As a dynamically-typed language, there is a lot of overhead in native MATLAB code for making sure data is of the same type, performing bounds checking, looking up names, etc. In contrast, compiled languages like C++ enforce stricter rules at compile time and can produce code that executes significantly faster. While a relative speed difference of milliseconds vs. microseconds may not be noticeable for a small script, when a problem is scaled up this becomes the difference in an hour and a few seconds. In such cases faster code is highly desireable and enhances productivity.
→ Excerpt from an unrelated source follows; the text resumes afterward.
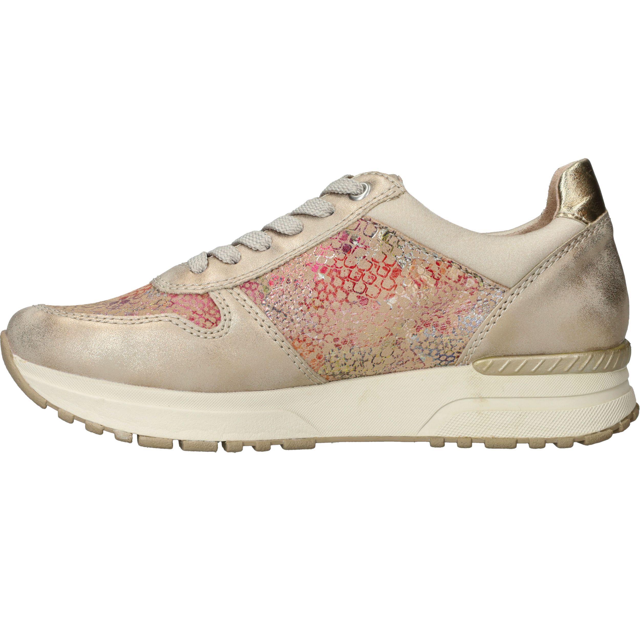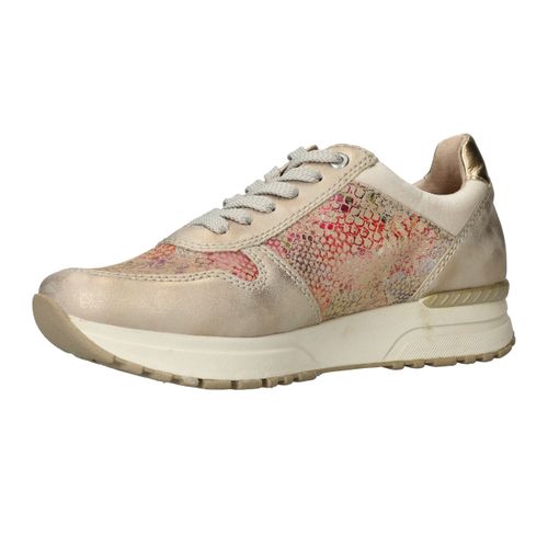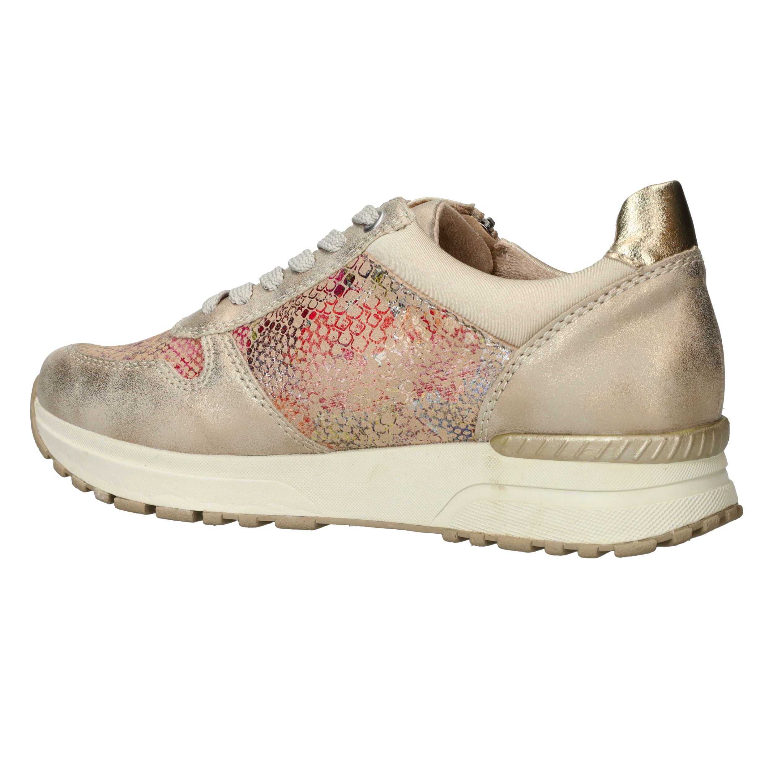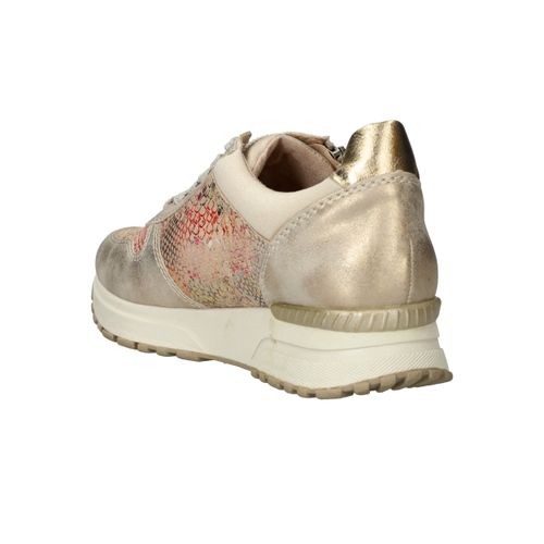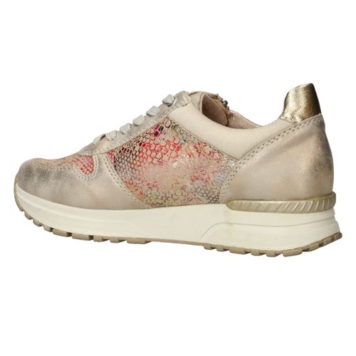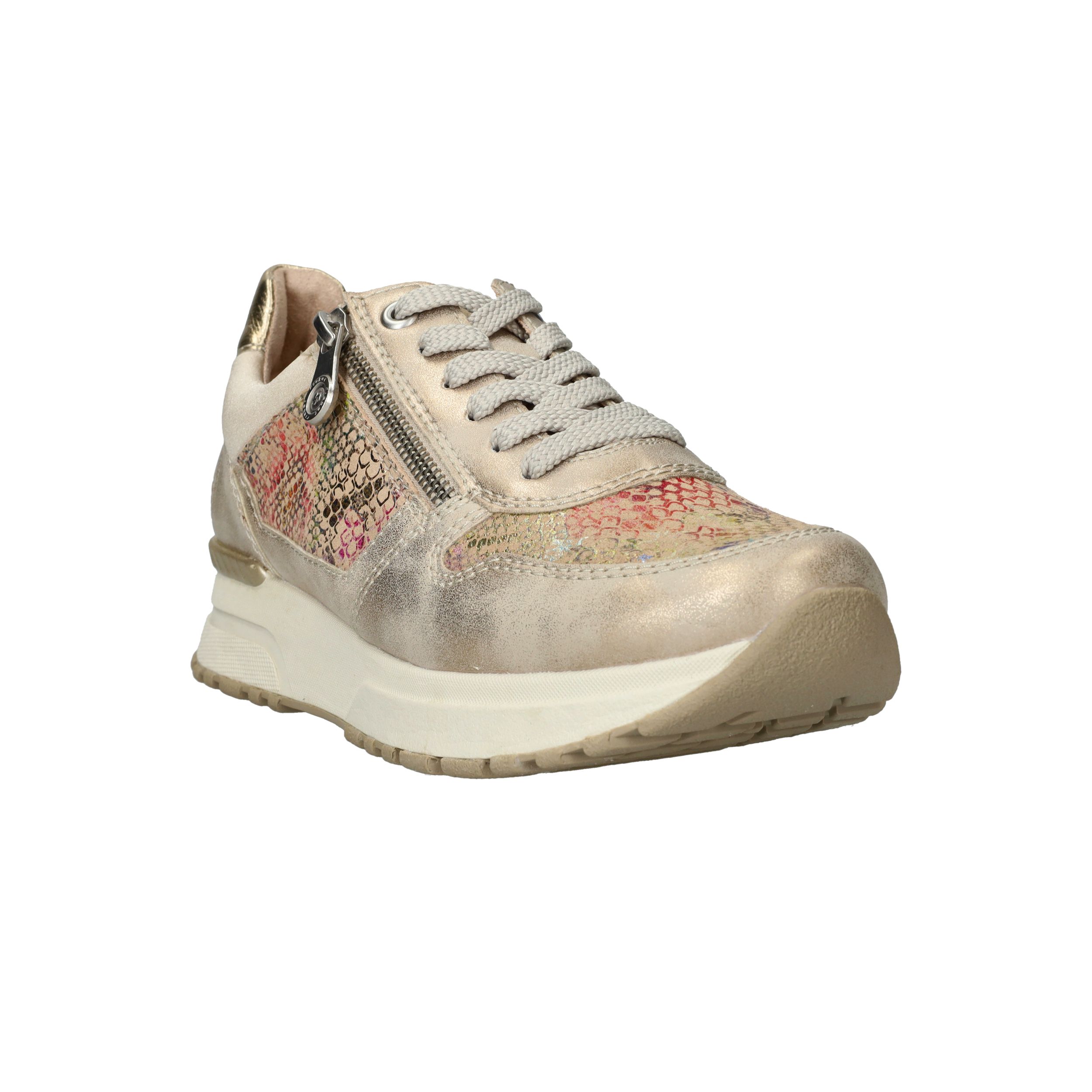 Straal met deze gouden Rieker sneaker met een gekleurde print. De damessneaker heeft een veter- en ritssluiting voor een makkelijke instap.

So, why not just prototype your algorithm in MATLAB and then port it to C++ to produce a final, fast version? You certainly can, and provided your C++ code was efficient this would be the solution with the highest performance. However, developing C++ code generally takes more time, and saving time was the whole point of wanting to make your code run faster in the first place. We want to find a nice balance between developer time and execution time. Enter MEX functions. MEX functions are a way to write C++ code that is directly accessible by MATLAB. In this way, we can prototype algorithms in MATLAB, and then leverage the power of a compiled language in small bursts to accelerate bottlenecks.

Recently, I applied this technique to accelerate MATLAB’s interp2 by factors roughly between 5-500x depending upon array sizes. In this post I will show you how I did so by writing a serial implementation of bilinear interpolation in C++, extending it to run on multiple threads, and finally how to write a MEX function to expose the code to MATLAB.
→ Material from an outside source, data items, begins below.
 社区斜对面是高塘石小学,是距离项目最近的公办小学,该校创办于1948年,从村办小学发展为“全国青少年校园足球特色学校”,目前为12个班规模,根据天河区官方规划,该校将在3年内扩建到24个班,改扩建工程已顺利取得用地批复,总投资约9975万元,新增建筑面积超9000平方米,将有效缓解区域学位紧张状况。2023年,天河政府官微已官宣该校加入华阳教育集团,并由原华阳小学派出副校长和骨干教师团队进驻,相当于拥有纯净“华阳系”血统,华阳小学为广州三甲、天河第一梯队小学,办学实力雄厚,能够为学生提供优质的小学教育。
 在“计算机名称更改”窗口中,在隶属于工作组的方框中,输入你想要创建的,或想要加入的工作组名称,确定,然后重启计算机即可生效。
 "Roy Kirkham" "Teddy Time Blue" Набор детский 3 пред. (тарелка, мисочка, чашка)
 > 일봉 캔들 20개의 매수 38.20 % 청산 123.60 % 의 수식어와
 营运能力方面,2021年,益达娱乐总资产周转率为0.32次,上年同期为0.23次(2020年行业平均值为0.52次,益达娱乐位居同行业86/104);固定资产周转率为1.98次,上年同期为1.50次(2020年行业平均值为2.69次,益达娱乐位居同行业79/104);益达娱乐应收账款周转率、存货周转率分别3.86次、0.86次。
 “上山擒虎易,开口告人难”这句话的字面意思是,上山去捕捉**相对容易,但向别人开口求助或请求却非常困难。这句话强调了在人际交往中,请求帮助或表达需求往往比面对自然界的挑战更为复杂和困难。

*The improvement gained here was significant enough that I also implemented linear and trilinear interpolation routines that altogether became a C++ template library called splinterp. Splinterp contains MEX functions that can be used as drop-in replacements for MATLAB’s interp1, interp2, and interp3.*

## Serial Implementation

As a demonstration, I’ll consider the case of bilinear interpolation on an input dataset that is real-valued. Linear interpolation in 1D is just a linear weighted average of the two nearest datapoints based upon the distance from each, and bilinear interpolation is just the repeated application of linear interpolation in two directions. I assume that the data is sampled on a regularly-spaced grid with integer valued positions, and from here we can interpolate any continuous (x,y) position within the array.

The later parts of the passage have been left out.